The currency episode reveals new constraints on Kim’s power and may signal a fundamental change in the operation of what is often called the world’s most repressive state. The change is driven by private markets that now feed and employ half the country’s 23.5 million people, and appear to have grown too big and too important to be crushed, even by a leader who loathes them.

The currency episode seems far from over, and there have been indications that Kim still has the stomach for using deadly force.
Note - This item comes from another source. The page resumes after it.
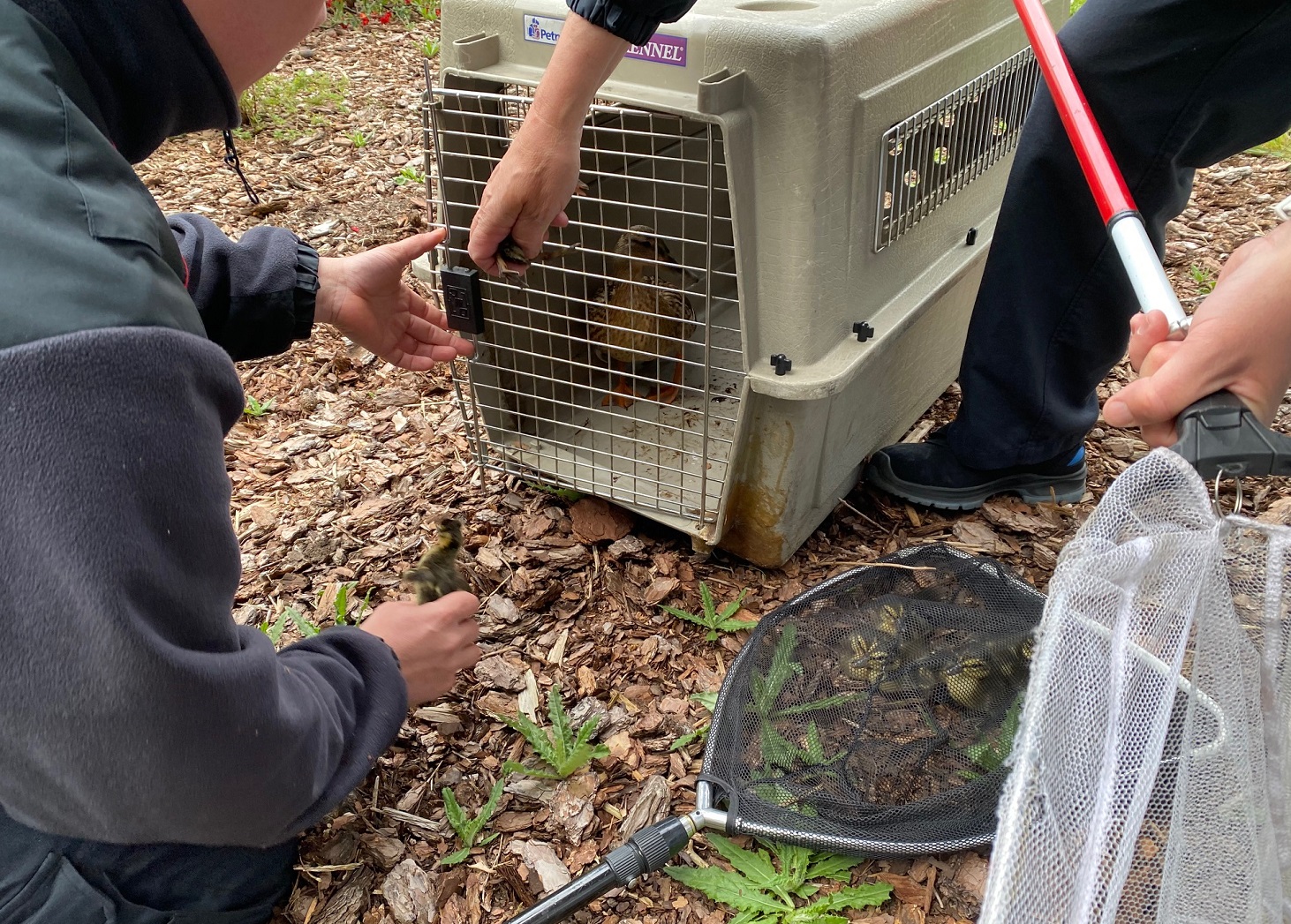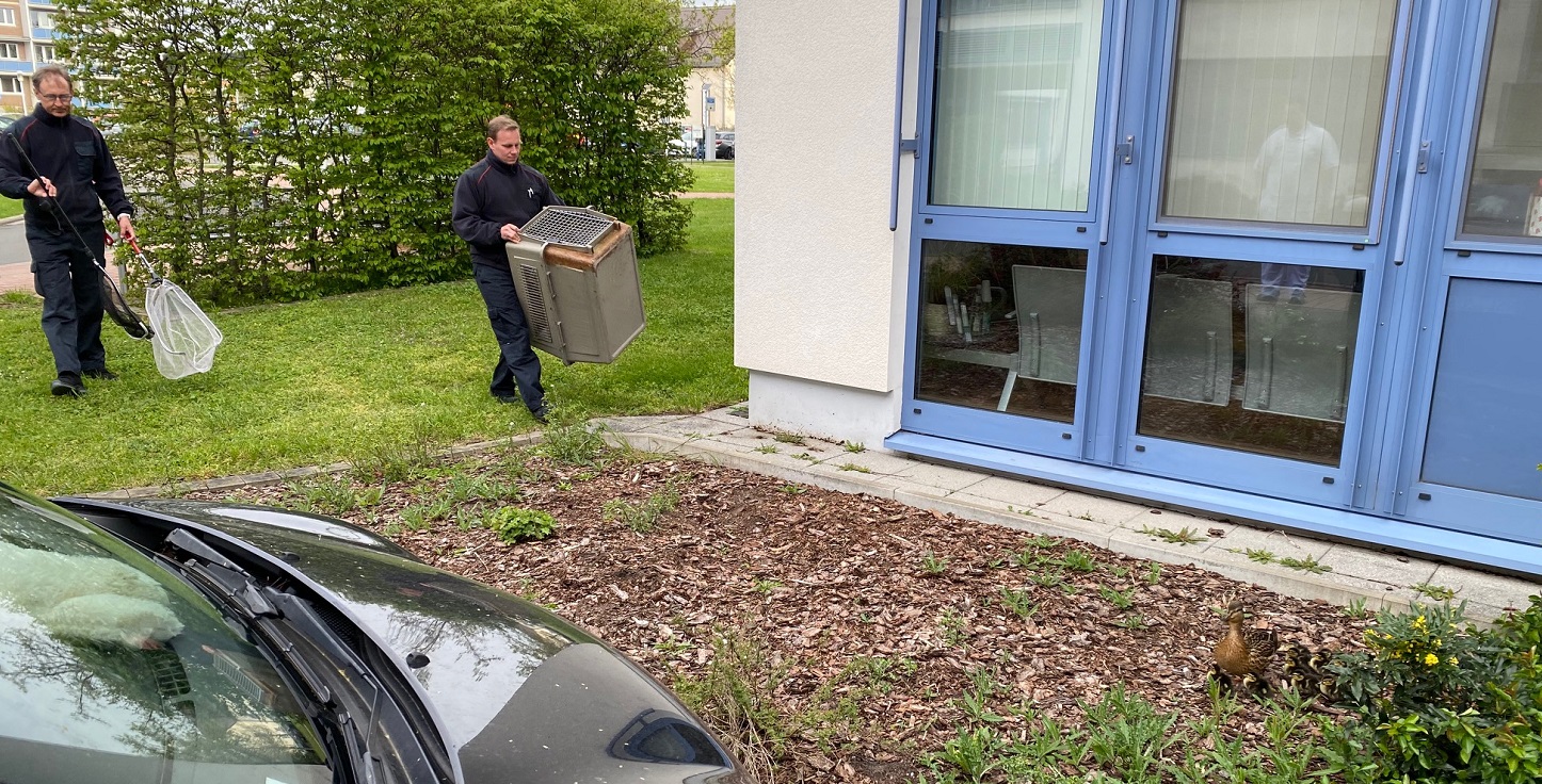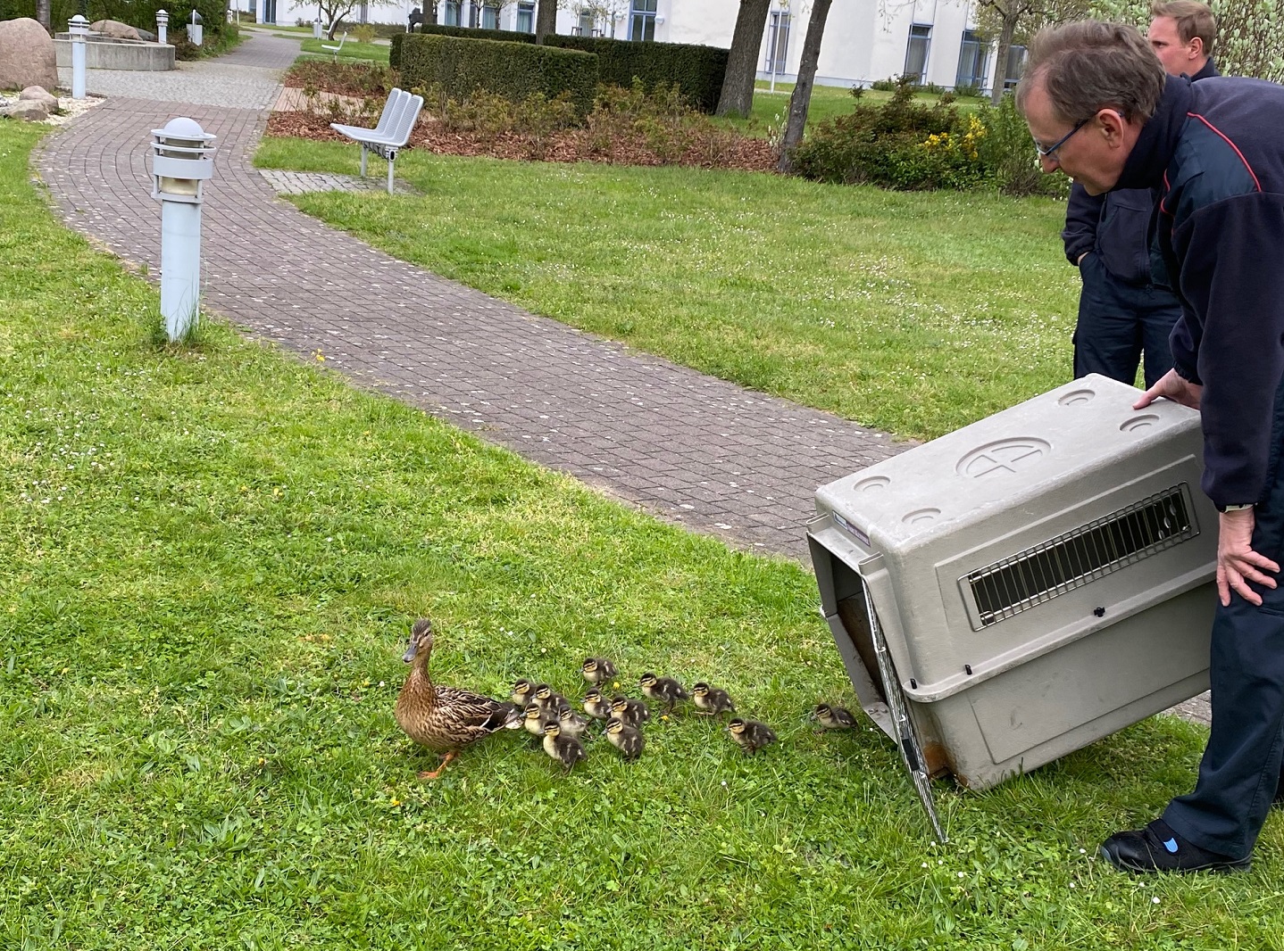 Mit gekonntem Blick wurde die tierisch-verzweifelte Situation erfasst und zu Kescher und Transportbox gegriffen. Vor dem Gebäude des Onkologischen Zentrums wurde mit sanftem Nachdruck das Muttertier eingefangen. Danach war es nur noch eine Frage der Zeit, der 13 Küken habhaft zu werden. Das Geschnatter war zwar groß, doch alle Tiere wurden wohlbehalten in der Transportbox untergebracht.

There have been public executions and reinforcements have been dispatched to the Chinese border to stop possible mass defections, according to reports in Seoul-based newspapers and aid groups with informants in the North.

Still, analysts say there has also been evidence of unexpected shifts in the limits of Kim’s authority.  “The private markets have created a new power elite,” said Koh Yu-whan, a professor of North Korean studies at Dongguk University in Seoul. “They pay bribes to bureaucrats in Kim’s government, and they are a threat that is not going away.”

On balance, however, the signs I’ve seen are these:  (a) the regime’s partial reversal of the confiscation has reduced public anger; (b) in the near term, the rage has given way to acceptance, and the odds of a broader wave of public protest are diminished in the short-term; however (c) the Pandora’s box of public dissent has opened, and will prove very difficult to close in the medium to long term.  That’s especially so now that the people have forced the regime to change a major economic policy.  Furthermore, the measures the regime is taking to appease the people in the short-term, such as cash payments to workers and farmers, may not be sustainable in the long term, particularly as a new bout of hyperinflation eats away at the value of the new currency and makes it impossible to save for leaner times.  In North Korea, food supplies typically run shortest in the spring, after winter reserves run out and before the first harvests come in.  Finally, the misery that the Great Confiscation has already caused will linger for years.

One positive aspect of this is that cash the regime spends on buying domestic stability can’t be spent on enriching high-ranking cadres, the military, and WMD development.

I don’t conceal my view that North Korea won’t change barring the overthrow of this regime, which can’t happen peacefully, and that expressions of discontent are signs that the North Korean people are prepared to support a clandestine opposition movement, should one arise.  No such movement has arisen yet; such a movement still lacks a nationwide galvanizing ideology around which a clandestine organization can coalesce and build.  But I suspect that if such an ideology were propagated to North Koreans via Radio Free North Korea or Open Radio, leaders would emerge locally to support it.